(Items from a data source)
════

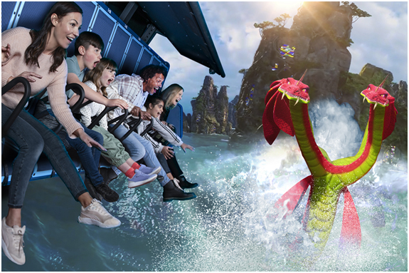 “飞狮之旅”是英国首个飞行影院,也是乐园价值2000万英镑(约1亿7千万人民币)的奇幻景区“Mythica:神秘生物世界”的主要游乐设施。它的亮点是用685,530块乐高积木搭成的狮子像,这是来自儿童的创意。剧场本身高25米,游客会从飞狮的翅膀下被传送到Mythica表演现场,双头海德拉、冰火鸟等乐高生物都将在此变得活灵活现。游客乘坐在能够左右30度、上下23度摇摆的悬吊座椅上,沉浸在被投影在20米高的凹面屏幕的画面中,体验这场激动人心的冒险之旅。该设施由智崴集团(Brogent Technologies)打造。
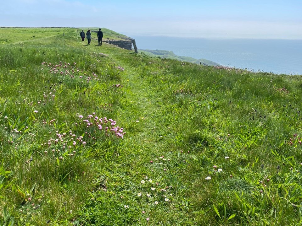 So said the Internet. In reality there were so many diversions in place due to landslips and path repair work that I clocked 10.5 miles and I was dragging at the end. Gorgeous walking along the cliffs, frustrating when diverted up away from the coast to walk along plowed fields, relieved to be back coastal but disappointed when this turned out to be muddy and overgrown. Repeat.
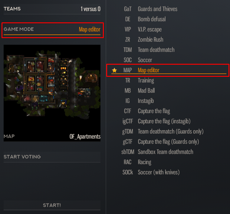 To use the Map Editor simply select it in the gamemode selection screen, after that click "create new map" button inside the map selection screen and then select the mao you want to edit If you need help reach us inside our official Discord server!
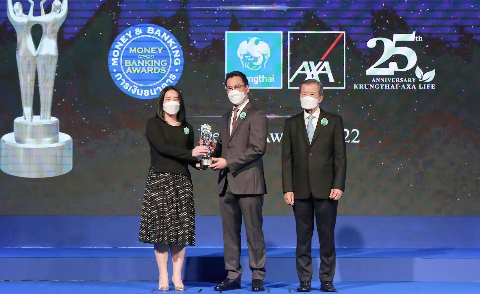 Dr.Sethaput Suthiwartnarueput, Governor of the Bank of Thailand presided over the ceremony and honored to present the prestigious Money & Banking Awards 2022 to Ms. Sukanya Isranuwatchai, SVP-Head of Brand & Communications of Krungthai-AXA Life Insurance to receive the Great Design Awards, from the 22nd Money Expo 2022, which the company received the award for 2 consecutive years.
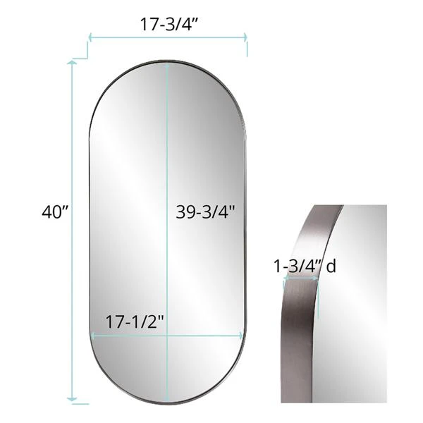 The Capsule Wall Mirror, features curved lines and on trend finishes. The brushed silver rounded frame of this mirror compliments some of todays modern design trends.
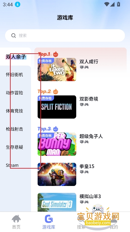 2、进入【游戏库】还可以筛选游戏分类
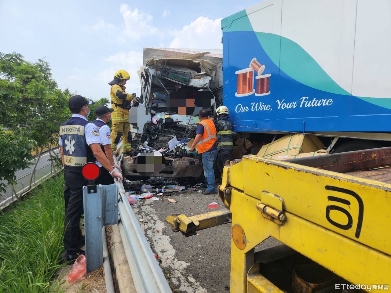 這起事故發生在25日下午1時50分左右,現場4部大車撞成一團,初步了解,因洪男未注意車前狀況,先追撞黃男所開的大貨車後,又再向前推撞前方大貨車、曳引車。

════

(WHAT THE TASK ASKS) Line for line, restate the data above and omit every picture.

(PROBLEM SOLUTION)
 “飞狮之旅”是英国首个飞行影院,也是乐园价值2000万英镑(约1亿7千万人民币)的奇幻景区“Mythica:神秘生物世界”的主要游乐设施。它的亮点是用685,530块乐高积木搭成的狮子像,这是来自儿童的创意。剧场本身高25米,游客会从飞狮的翅膀下被传送到Mythica表演现场,双头海德拉、冰火鸟等乐高生物都将在此变得活灵活现。游客乘坐在能够左右30度、上下23度摇摆的悬吊座椅上,沉浸在被投影在20米高的凹面屏幕的画面中,体验这场激动人心的冒险之旅。该设施由智崴集团(Brogent Technologies)打造。
 So said the Internet. In reality there were so many diversions in place due to landslips and path repair work that I clocked 10.5 miles and I was dragging at the end. Gorgeous walking along the cliffs, frustrating when diverted up away from the coast to walk along plowed fields, relieved to be back coastal but disappointed when this turned out to be muddy and overgrown. Repeat.
 To use the Map Editor simply select it in the gamemode selection screen, after that click "create new map" button inside the map selection screen and then select the mao you want to edit If you need help reach us inside our official Discord server!
 Dr.Sethaput Suthiwartnarueput, Governor of the Bank of Thailand presided over the ceremony and honored to present the prestigious Money & Banking Awards 2022 to Ms. Sukanya Isranuwatchai, SVP-Head of Brand & Communications of Krungthai-AXA Life Insurance to receive the Great Design Awards, from the 22nd Money Expo 2022, which the company received the award for 2 consecutive years.
 The Capsule Wall Mirror, features curved lines and on trend finishes. The brushed silver rounded frame of this mirror compliments some of todays modern design trends.
 2、进入【游戏库】还可以筛选游戏分类
 這起事故發生在25日下午1時50分左右,現場4部大車撞成一團,初步了解,因洪男未注意車前狀況,先追撞黃男所開的大貨車後,又再向前推撞前方大貨車、曳引車。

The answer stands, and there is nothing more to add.